Chronic kidney disease
Overview
•CKD = kidney damage or reduced GFR persisting >3 months
•Paediatric CKD is predominantly structural in origin - unlike adult CKD (diabetes/hypertension)
•Prevalence ~50-75 per million children in the UK; boys affected more than girls
Causes
•CAKUT (congenital anomalies of the kidney and urinary tract) - ~40-50%; renal hypoplasia/dysplasia, posterior urethral valves, vesicoureteric reflux/reflux nephropathy; often detected antenatally
•Glomerulonephritis - FSGS, IgA nephropathy, lupus nephritis
•Hereditary nephropathies - Alport syndrome, polycystic kidney disease
Classification
•Staged by GFR category (G1-G5) and albuminuria category (A1-A3)
•GFR estimated using the Schwartz equation (uses height + serum creatinine) in children
•Normal GFR rises from ~20-30 mL/min/1.73m² at birth to ~90-120 mL/min/1.73m² in early childhood - staging must be age-adjusted
•Albuminuria: A1 = ACR <3 mg/mmol | A2 = ACR 3-30 mg/mmol | A3 = ACR >30 mg/mmol
Presentation
•Early CKD (G1-G2) is frequently asymptomatic - often found incidentally
•Growth failure - key paediatric feature; metabolic acidosis + GH resistance
•Hypertension - up to 50%; sodium/water retention + RAAS activation; may be the presenting finding
•Pallor and fatigue - normochromic normocytic anaemia (reduced EPO)
•Polyuria and polydipsia - impaired concentrating ability; important paediatric clue
•Oedema - nephrotic-range proteinuria or fluid overload in later stages
•Bone pain / rickets - renal osteodystrophy (reduced vitamin D activation + secondary hyperparathyroidism)

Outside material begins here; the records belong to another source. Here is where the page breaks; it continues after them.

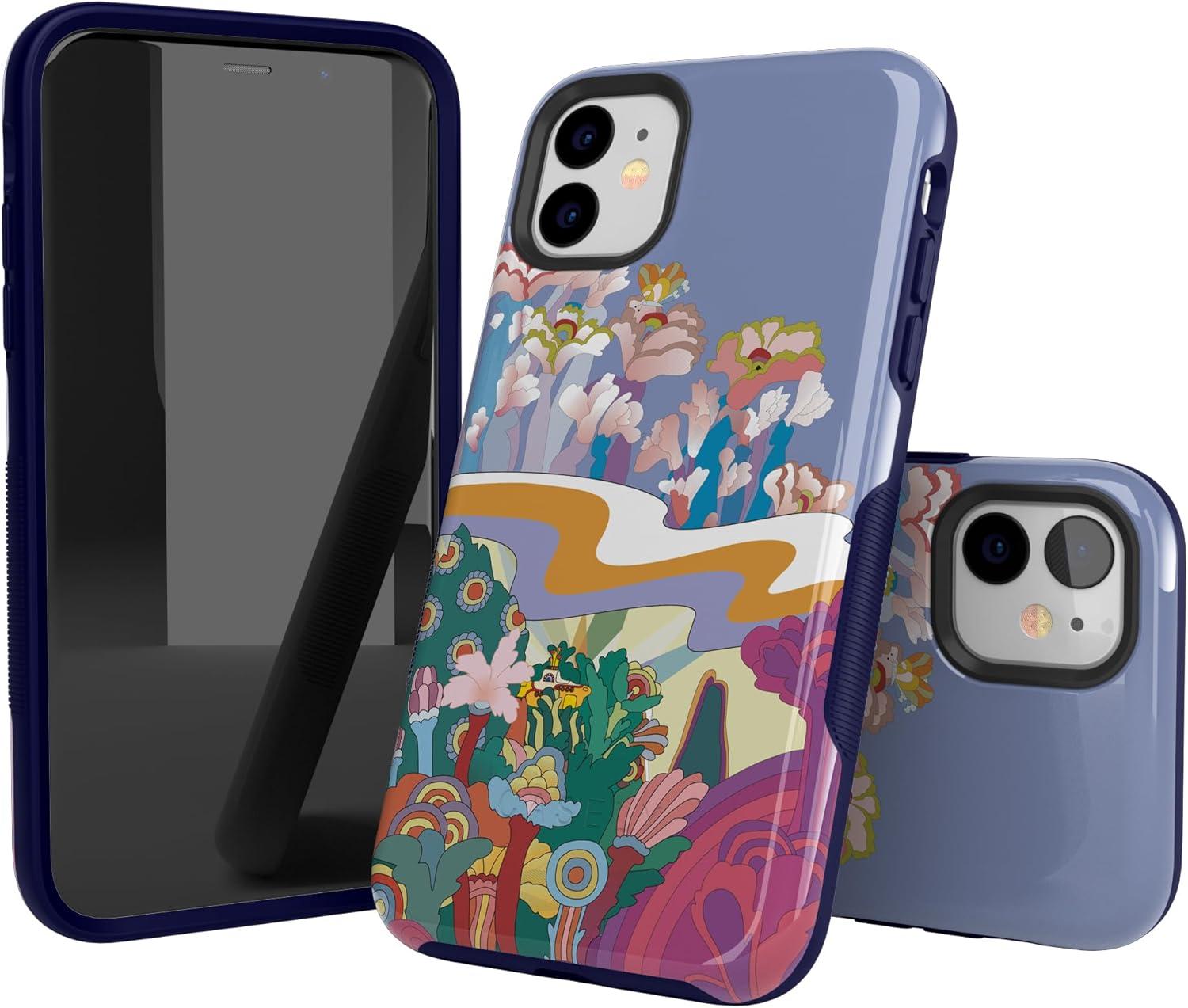 Casely iPhone 11 Case | Rose to Fame | Blue & White Floral | Bold Protective Design(Beatles | Beneath the Waves | Yellow Submarine)
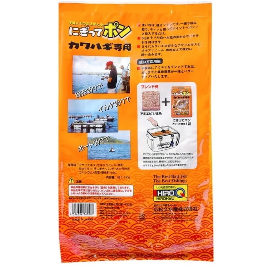 使い方は簡単、手軽にそのまま使える配合餌です。一握り掴んでポイントに投入するだけ、カワハギの好物アサリエキス、オキアミミール、魚粉などブレンドしさらに 好奇心旺盛な性質を利用して視覚効果、光物Bigキラリと白く目立つ押し麦大を配合しました。波止、イカダ、ボート釣りに最適です。★内容量:約1.1kg
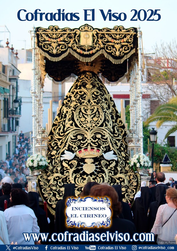 En la parte superior se puede leer en letras azules “Cofradías El Viso 2025” y en la parte inferior recoge la dirección web del portal cofrade y las redes sociales en una franja azul. Además, este cartel cuenta con la publicidad de Inciensos El Cirineo, a quien agradecemos su colaboración por tercer año consecutivo.
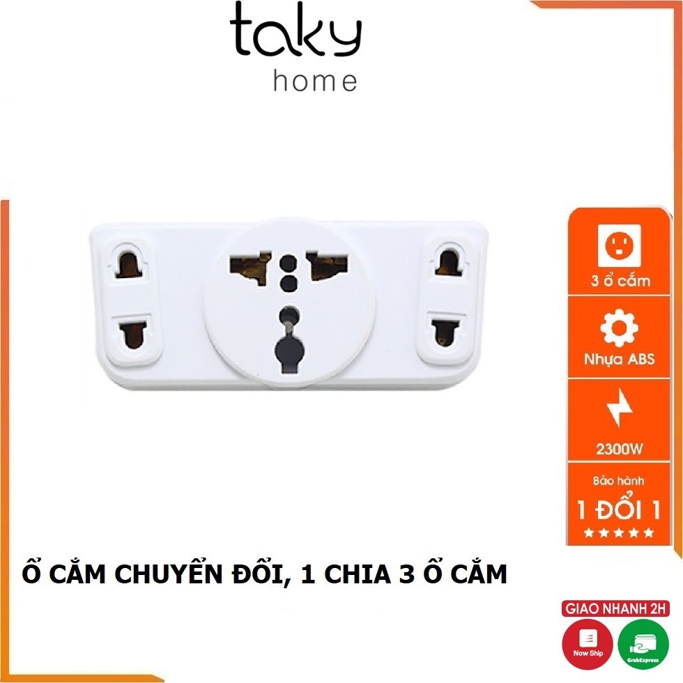 Thiết Bị Điện Gia Dụng > Mạch điện & Phụ tùng > Ổ cắm điện & Dây nối || Ổ Cắm 2 Chức Năng: Phích Cắm Chia 3 Và Ổ Cắm Chuyển Đổi Từ 3 Chấu Thành 2 Thấu, 2000W, Nhựa ABS - TakyHome 8605Còn hàng
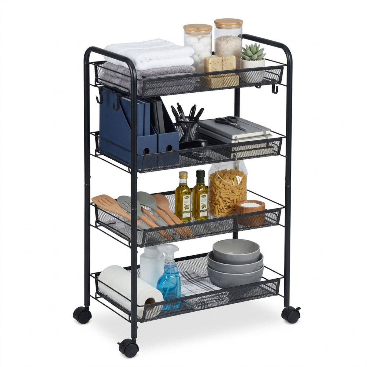 Relaxdays Rollwagen, 4 Mesh-Etagen, Servierwagen, Küchenwagen Bad & Büro, HBT 84x44,5x26 cm, Bastelwagen Metall, schwarz
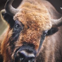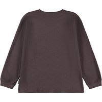 Dark brown, long-sleeved top made of organic cotton with ribbed neckline and sleeves. The long-sleeve top has a loose fit with a front print of a bison.
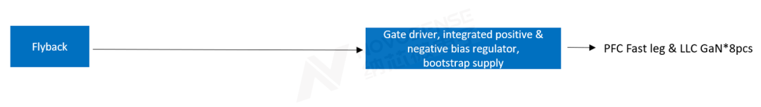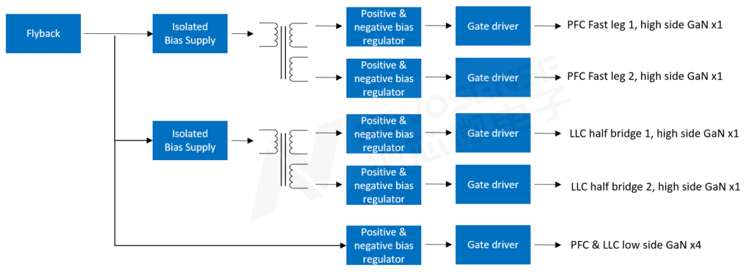 如果采用NSI6602VD驱动方案,需要配合相应的隔离电源电路与正负电源稳压电路,意味着每一路半桥的高边驱动都需要一路独立的隔离供电,所以隔离辅助电源的设计较为复杂。鉴于GaN驱动对供电质量要求较高,且PFC和LLC的主功率回路通常分别放置在独立板卡上,因此,往往需要采用两级辅助电源架构,第一级使用宽输入电压范围的器件如flyback生成稳压轨,第二级可以采用开环全桥拓扑提供隔离电源,并进一步稳压生成NSI6602VD所需的正负供电电源,以下为典型供电架构:
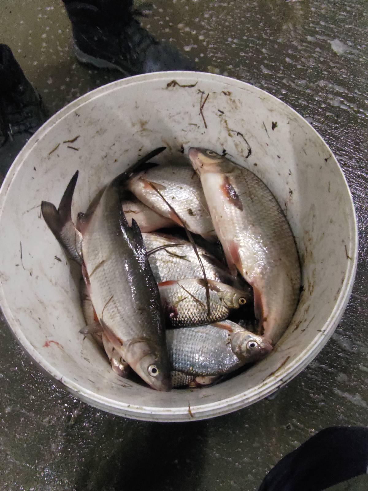 В таком настроении просидели всю ночь. Но ночью грустно. Два налима и одна вимба. Вимб всего 4 шт. Зато Плотвы ведро 20 л под завязку 😅. Можно было больше, но куда столько.
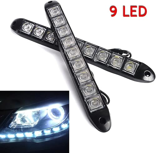 2 strisce di lampadine LED per auto, luci di marcia diurna e fendinebbia, 12 V, 9 LED, luce bianca
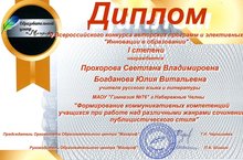 Педагоги гимназии Прохорова Светлана Владимировна и Богданова Юлия Витальевна стали победителями V Всероссийского конкурса авторских программ и элективных курсов
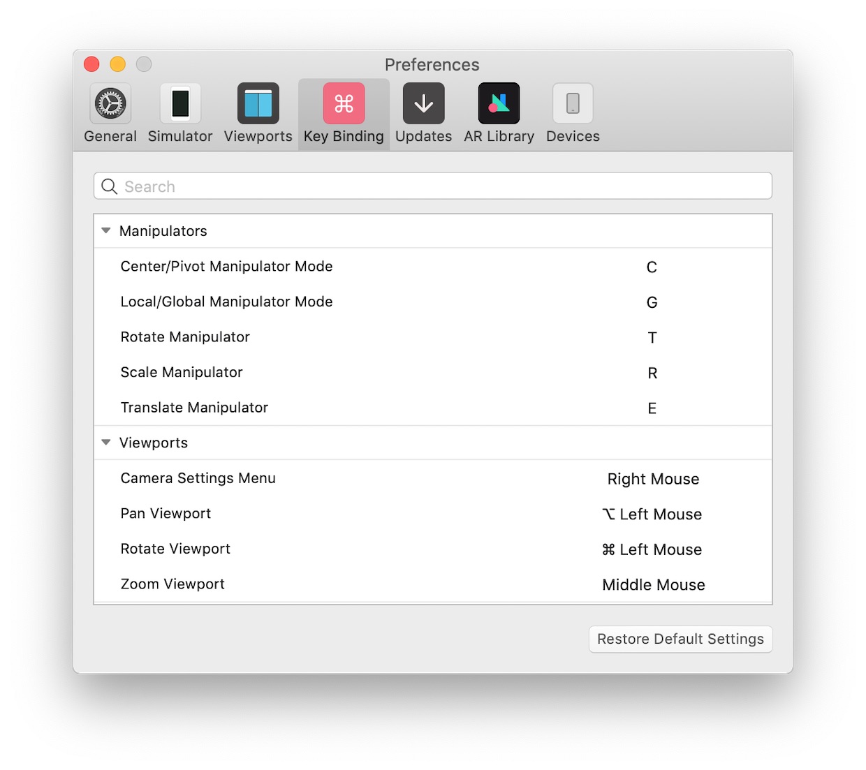 Для ввода собственных сочетаний клавиш, требуется открыть в строке меню: AR Studio > Preferences (Настройки) > Key Binding (Привязка клавиш) и создать новый ярлык. В меню возможен сброс настроек и восстановление по умолчанию.
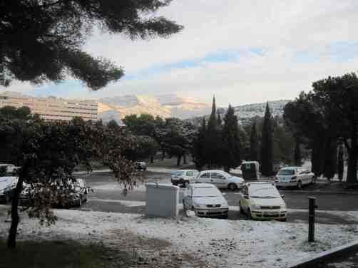 Au matin du 21 janvier, on n’en croit pas ses yeux : tout est blanc. Il a neigé pendant la nuit, puis les basses températures ont transformé la neige en glace. Aux alentours, des bus se sont mis en travers des routes, la progression vers la ville a été ralentie. Ceux qui viennent d’Aix mettent deux heures pour arriver.
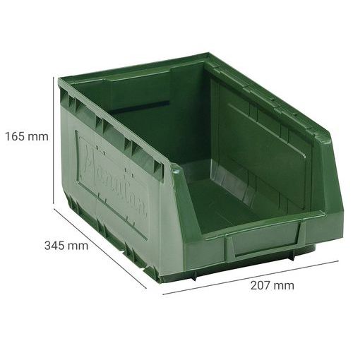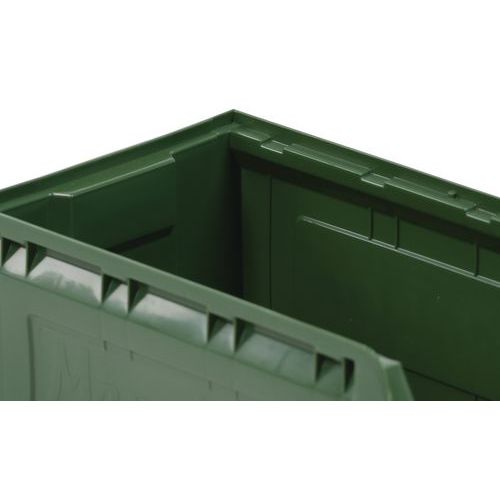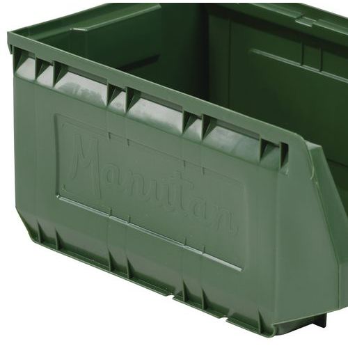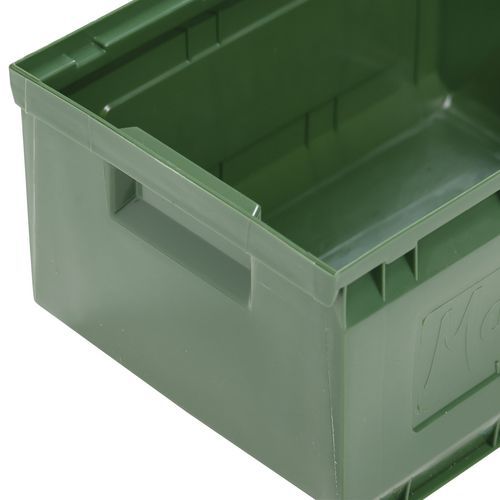 Rebords avec plots de blocage pour stabilité au gerbage. Grande robustesse grâce à ses nervures latérales. Fond plat et antidérapant pour une prise facile. Excellente prise en main par poignée avant. Bac plastique haute résistance aux chocs. Identification facile via porte-étiquette.
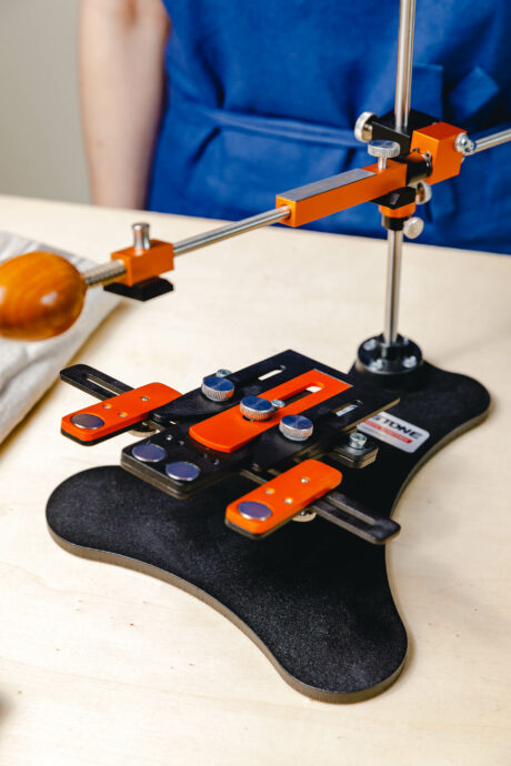 Was aussieht, wie eine Mischung aus Raketenabschussrampe und Folterinstrument (ich stelle mir etwas vor, wo Zehennägel involviert sind), ist das eines der flexibelsten Schleifsysteme überhaupt. Mit diesen Dingern kann man eigentlich fast alles machen, inklusive auch größerer Reparaturen und das Anschleifen neuer Winkel, mit Zubehör auch Scheren. Soweit ich weiß wurde das zugrunde liegende Prinzip von der amerikanischen Firma Edge Pro erfunden, mittlerweile jedoch mehrfach kopiert und dabei teils auch verbessert.
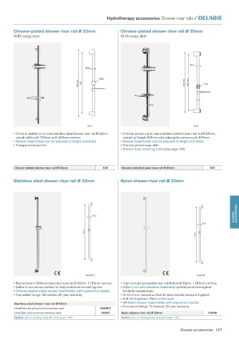 • Chrome-plated cut-to-size stainless steel shower riser rail Ø 22mm, • Chrome-plated cut-to-size stainless steel shower riser rail Ø 25mm,
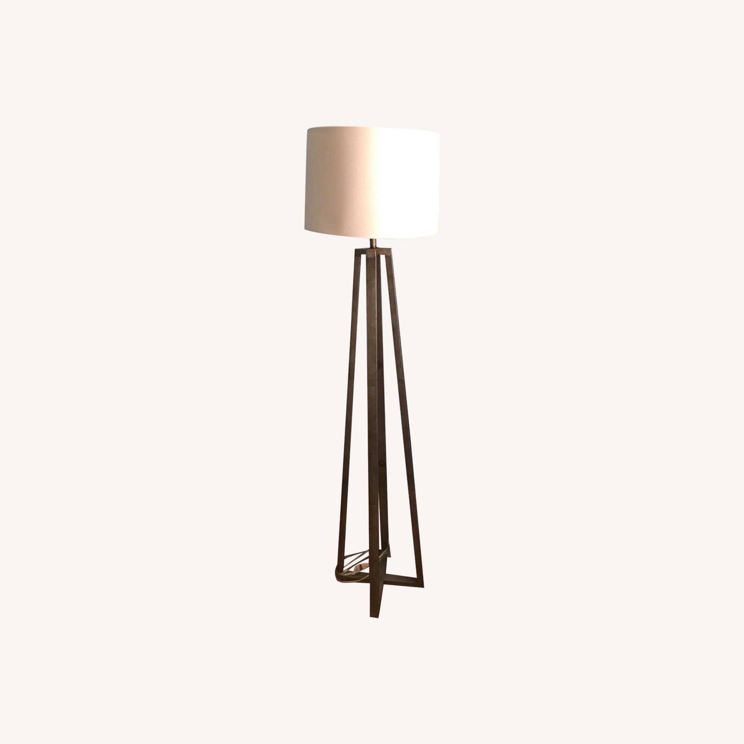 Seller's Notes:Lamp Dark silver Base with texture White Shade Don't know brand. Nice lamp. Good condition. About 5 feet tall. Lampshade is about 14" diameter
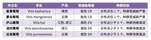 红色名录中的葡萄属物种。数据来源:《中国物种红色名录》第一卷
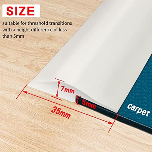 Profilo in PVC, autoadesivo, per pavimenti e tappeti, in laminato e montagna, autoadesiva, per tappeti, transizione soglia, altezza inferiore a 5 mm (bianco, 6 m)
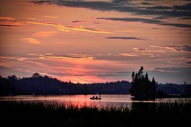 Keywords: landscape sunset twilight colors sky clouds nature fishermen evening summer lake trees québec canada
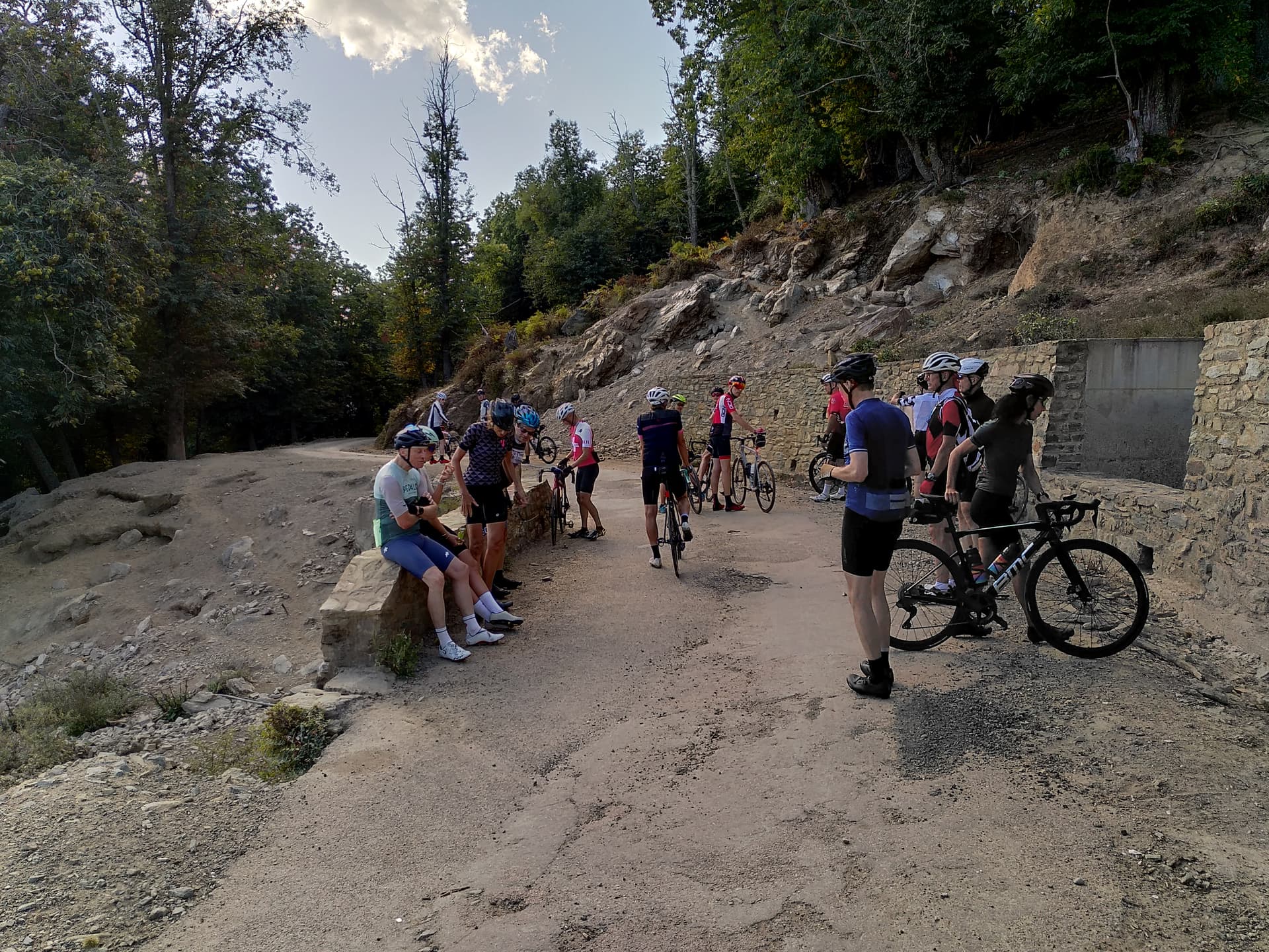 Am bisher höchsten Pass mit 1300 Metern kam von der anderen Auffahrt eine Radgruppe aus Estland mit teuerstmöglichem Material hochgefahren. Der Erste hatte es besonders eilig und fuhr mit belegter Stulle im Mund gleich wieder bergab.
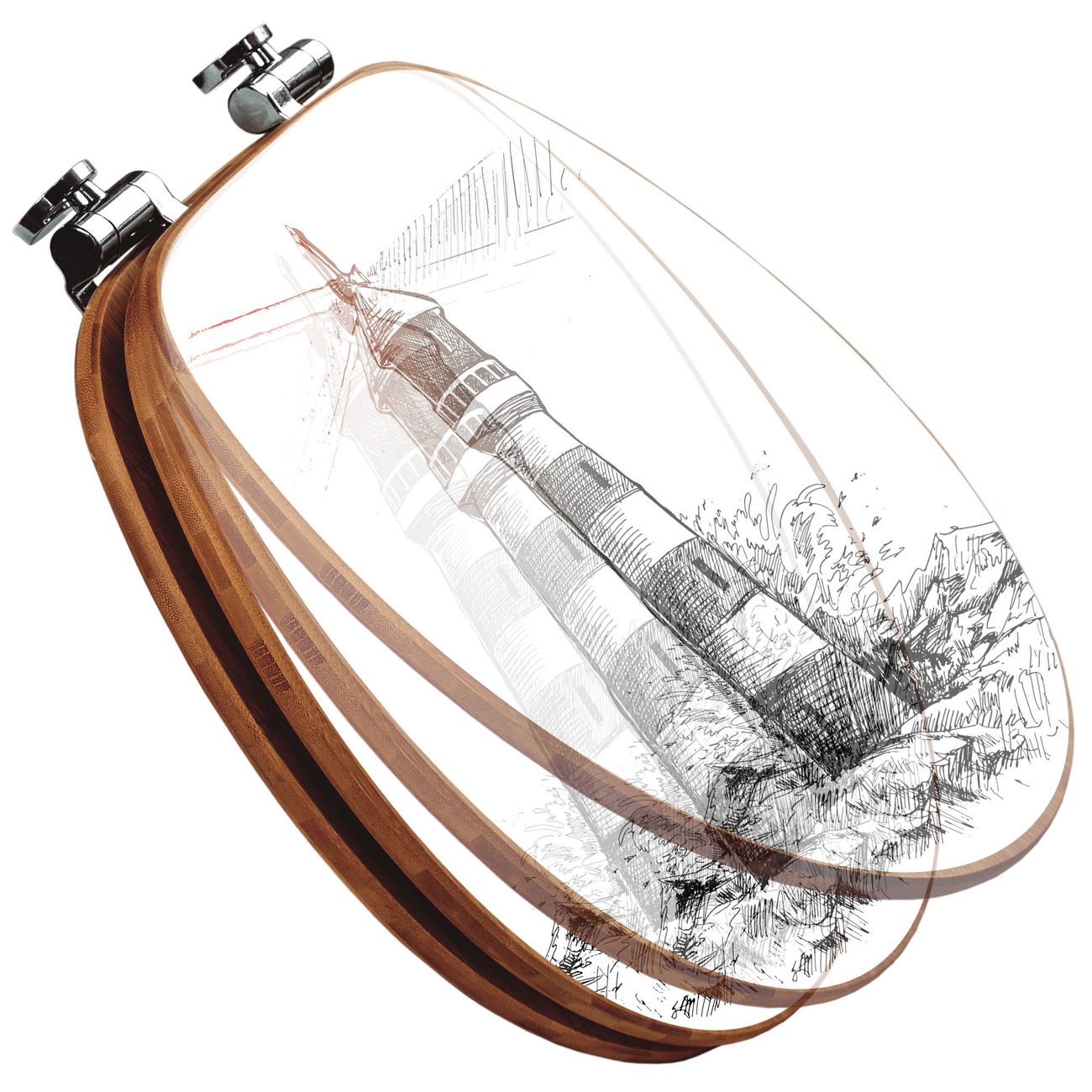 Mit dem banjado Toilettensitz in Bambus verbinden Sie Design und Funktionalität. Sie erhalten den WC-Sitz mit bewährter Holz Qualität und Universal Scharnieren. Das Motiv Motiv Leuchtturm in der Brandung besteht aus einer schutzlaminierten Motivfolie, die durch das Schutzlaminat zusätzlich vor Kratzern schützt. Durch diesen Motivdruck wird der WC-Sitz zu einem Blickfang in Ihrem Bad.

•Uraemic symptoms (anorexia, nausea, lethargy) - G4-G5
Investigations
🥇 First-line
•serum creatinine + eGFR (Schwartz equation)
•urine ACR (early morning first-void) - quantifies proteinuria, defines albuminuria category
•renal ultrasound - identifies structural cause; small echogenic kidneys suggest chronicity
•electrolytes + bicarbonate - hyperkalaemia, metabolic acidosis (↓HCO3-), ↑urea in advanced CKD
•FBC - normochromic normocytic anaemia
•calcium, phosphate, PTH, 25-hydroxyvitamin D, alkaline phosphatase - assess CKD-MBD
•urine dipstick and microscopy - haematuria/proteinuria suggest glomerulonephritis; casts are highly informative
🥈 Second-line
•DMSA scintigraphy - differential renal function and cortical scarring (reflux nephropathy)
•MAG3 renogram - obstruction/drainage assessment
•immunology (ANA, ANCA, complement, anti-GBM) - if glomerulonephritis suspected
🏆 Gold standard
•renal biopsy - histological diagnosis where tissue result will change management
Management
•Best delivered through specialist paediatric nephrology MDT (nephrologist, dietitian, specialist nurse, psychologist)
•Blood pressure control - target <50th centile for age/height/sex; ACE inhibitors (e.g. enalapril) or ARBs first-line - reduce glomerular hypertension and proteinuria via RAAS blockade
•Metabolic acidosis - oral sodium bicarbonate to maintain serum bicarbonate ≥22 mmol/L; acidosis drives protein catabolism and worsens growth
•Anaemia - optimise iron stores first (oral/IV iron); if iron-replete anaemia persists, add ESA (darbepoetin alfa)
•CKD-MBD - restrict dietary phosphate; calcium carbonate (calcium-based phosphate binder) with meals; if hypercalcaemia develops, switch to/add sevelamer carbonate (non-calcium-based)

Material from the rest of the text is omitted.